5th Mayor of Bayonne, New Jersey
- In office 1891–1895
- Preceded by: John Newman
- Succeeded by: Egbert Seymour

Personal details
- Born: March 13, 1844 Gettenbach, Kurhessen, Germany
- Died: February 14, 1921 (aged 76) Bayonne, New Jersey, United States
- Party: Republican
- Spouse: Mary Dorethea Schmidt
- Children: Louise, Frederick, Dorothea, Elizabeth, Laura, Emma and Charles

= William C. Farr =

American mayor

William C. Farr (March 13, 1844 - February 14, 1921) was the fifth Mayor of Bayonne, New Jersey, from 1891 to 1895.

==Biography==
Born on March 13, 1844, in Gettenbach, an old (since 1252), but small village in a large forest Buedinger Wald, then part of the Electorate of Hesse, near the Free City of Frankfurt. Farr immigrated to the United States in 1861. After arriving in Baltimore, Farr moved to Bayonne in 1862. On May 31, 1863, he married Mary Dorethea Schmidt; they had five children together. After a time operating a canal boat, Farr became successful in business running a contracting firm in Bayonne.

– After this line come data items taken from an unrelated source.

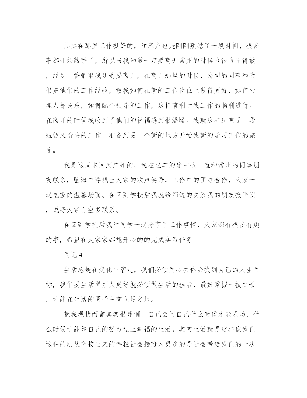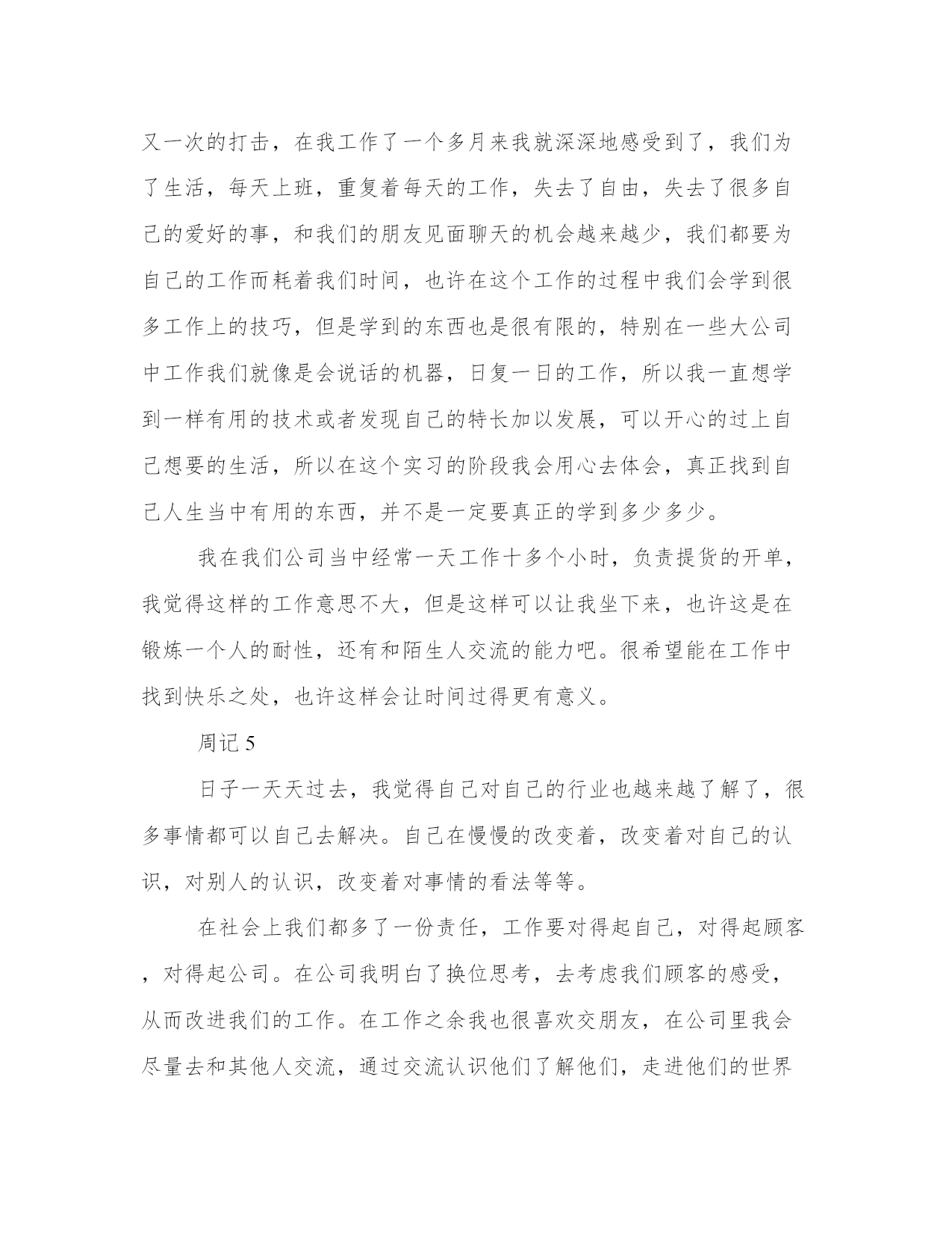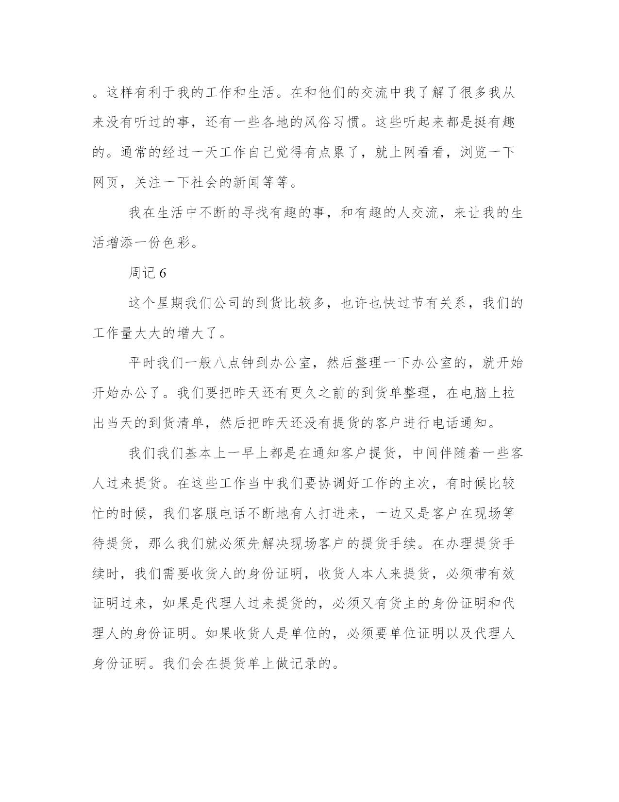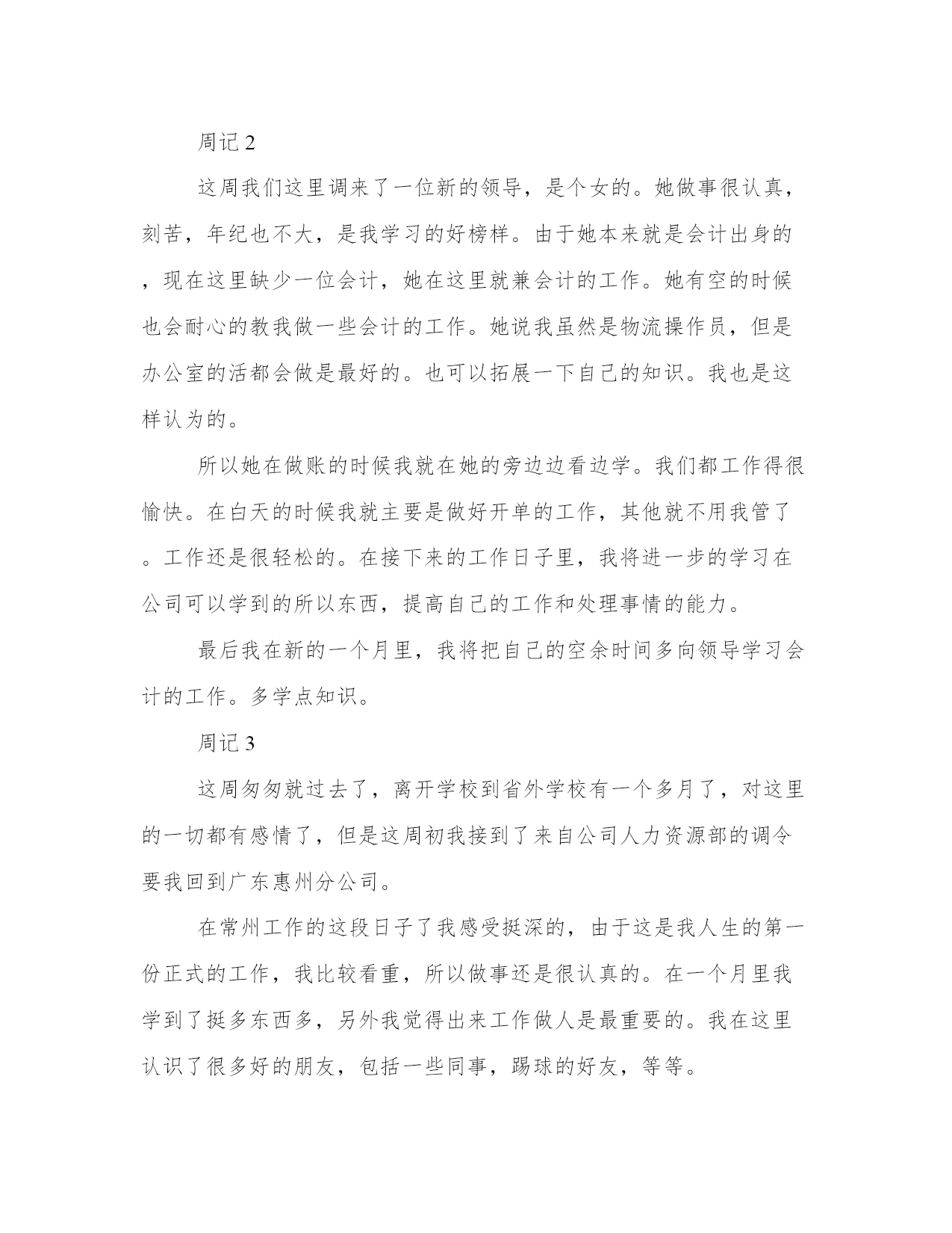 物流公司实习周记的范文周记1这个星期即将过去,这里我该做的工作基本熟识了。我们分公司中有的组织架构是这样的,领导是我们主管,下面有操作员,会计,出纳,装卸工,司机,我们各尽各职。我是操作员,我主要学习电脑的开单管理系统,进一步做好与客户的沟通服务工作。在工作的过程中,其实要做很多琐事,例如作为公司的物流操作员,工作上首先是要为客户提供开单工作,发货开单后还要检查货物在贴标签,装车出库,还要做好货物的跟踪情况。因为在物流运输的途中经常会出现耽误货物到达时间,或者货物在分流中心出现错误,又或者在贴标签时出错等等情况,所以,要锻炼良好的沟通能力,才能更好的协调各方面的工作,以最快的速度解决问题,为客户提供最有效的解决方案。有时候客户的货物由于急需但是运输途中偏偏出错了,我们会一直被客户追问的,我们就要学会如何解答客户的问题了。例如当被问到货物到底具体到哪里啦,我们就要马上联系该货物的到货公司,确认货物具体情况,如果还没有到达到货公司我们得联系分流中心,了解货物到了分流中心分流了没有,有没有缺货等等,最后转告客户,让他们再耐心等待。其实,作为物流操作员很多东西都要了解的。这样才能一站式的服务客户,做到一站到位。周记2这周我们这里调来了一位新的领导,是个女的。她做事很认真,刻苦,年纪也不大,是我学习的好榜样。由于她本来就是会计出身的,现在这里缺少一位会计,她在这里就兼会计的工作。她有空的时候也会耐心的教我做一些会计的工作。她说我虽然是物流操作员,但是办公室的活都会做是最好的。也可以拓展一下自己的知识。我也是这样认为的。所以她在做账的时候我就在她的旁边边看边学。我们都工作得很愉快。在白天的时候我就主要是做好开单的工作,其他就不用我管了。工作还是很轻松的。在接下来的工作日子里,我将进一步的学习在公司可以学到的所以东西,提高自己的工作和处理事情的能力。最后我在新的一个月里,我将把自己的空余时间多向领导学习会计的工作。多学点知识。周记3这周匆匆就过去了,离开学校到省外学校有一个多月了,对这里的一切都有感情了,但是这周初我接到了来自公司人力资源部的调令要我回到广东惠州分公司。在常州工作的这段日子了我感受挺深的,由于这是我人生的第一份正式的工作,我比较看重,所以做事还是很认真的。在一个月里我学到了挺多东西多,另外我觉得出来工作做人是最重要的。我在这里认识了很多好的朋友,包括一些同事,踢球的好友,等等。其实在那里工作挺好的,和客户也是刚刚熟悉了一段时间,很多事都开始熟手了,所以当我知道一定要离开常州的时候也很舍不得放,经过一番争取我还是要离开,在离开那里的时候,公司的同事和我很多他们的工作经验,教我如何在新的工作岗位上做得更好,如何处理人际关系,如何配合领导的工作,这样有利于我工作的顺利进行。在离开的时候我收到了他们的祝福感到很温暖。我就这样结束了一段短暂又愉快的工作,准备到另一个新的地方开始我新的学习工作的旅途。我是这周末回到广州的,我在坐车的途中也一直和常州的同事朋友联系,脑海中浮现出大家的欢声笑语,工作中的团结合作,大家一起吃饭的温馨场面。在回到学校后我就给那边的关系我的朋友报平安,说好大家有空多联系。在回到学校后我和同学一起分享了工作事情,大家都有很多有趣的事,希望在大家家都能开心的的完成实习任务。周记4生活总是在变化中溜走,我们必须用心去体会找到自己的人生目标,我们要生活得别人更好就必须做生活的强者,最好掌握一技之长,才能在生活的圈子中有立足之地。就我现状而言其实很迷惘,自己会问自己什么时候才能成功,什么时候才能靠自己的努力过上幸福的生活,其实生活就是这样像我们这种的刚从学校出来的年轻社会接班人更多的是社会带给我们的一次又一次的打击,在我工作了一个多月来我就深深地感受到了,我们为了生活,每天上班,重复着每天的工作,失去了自由,失去了很多自己的爱好的事,和我们的朋友见面聊天的机会越来越少,我们都要为自己的工作而耗着我们时间,也许在这个工作的过程中我们会学到很多工作上的技巧,但是学到的东西也是很有限的,特别在一些大公司中工作我们就像是会说话的机器,日复一日的工作,所以我一直想学到一样有用的技术或者发现自己的特长加以发展,可以开心的过上自己想要的生活,所以在这个实习的阶段我会用心去体会,真正找到自己人生当中有用的东西,并不是一定要真正的学到多少多少。我在我们公司当中经常一天工作十多个小时,负责提货的开单,我觉得这样的工作意思不大,但是这样可以让我坐下来,也许这是在锻炼一个人的耐性,还有和陌生人交流的能力吧。很希望能在工作中找到快乐之处,也许这样会让时间过得更有意义。周记5日子一天天过去,我觉得自己对自己的行业也越来越了解了,很多事情都可以自己去解决。自己在慢慢的改变着,改变着对自己的认识,对别人的认识,改
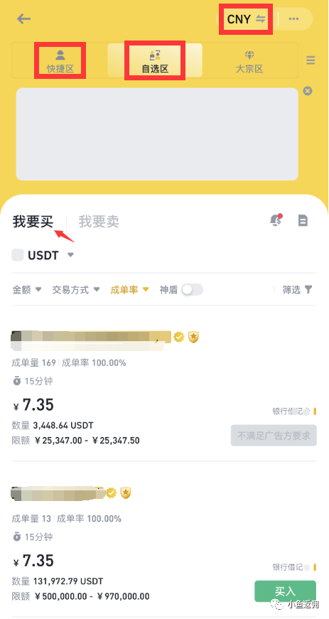 尽量选择成单率高的商家,注意右上角的CNY标识,如果小额想快速购买,那就选择快捷区,但是卖的话**不要在快捷区进行
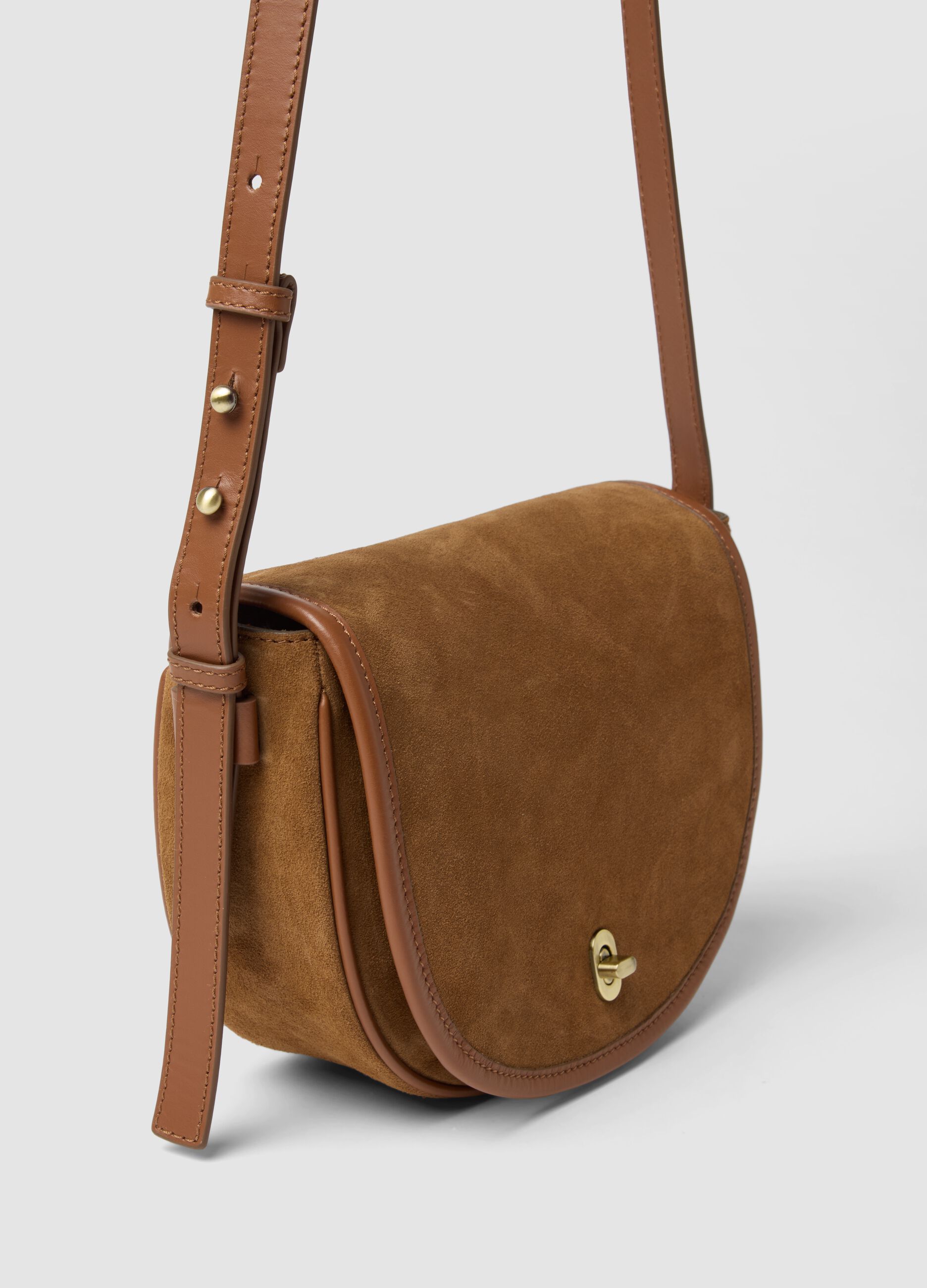 Kahverengi hakiki deri çapraz askılı çanta, kadınlar için ideal, şık ve işlevsel bir aksesuardır. Yüksek kaliteli malzemelerle üretilen çanta, temel eşyaların rahatça taşınmasını sağlayan kompakt bir tasarıma sahiptir. Tokalı kapatma sistemi güvenliği sağlarken, kahverengi rengi ve malzemenin dayanıklılığı onu çok yönlü ve çeşitli durumlar için uygun hale getirir.

A Republican, he was nominated by both the Democratic Party and the Independent Party and was elected mayor of Bayonne, defeating incumbent Republican mayor John Newman in a highly contested election in 1891. Farr, who received the nomination of both the Democrats and the Republicans in 1893, easily won a second term. In Farr's two terms as mayor, he was instrumental in bringing water and electricity to Bayonne. Nominated for a third term in 1895, he lost to the Democrat Egbert Seymour in 1895. Farr retired from business a wealthy man. He donated money to a number of charities including the German Lutheran Hospital in Manhattan, New York City.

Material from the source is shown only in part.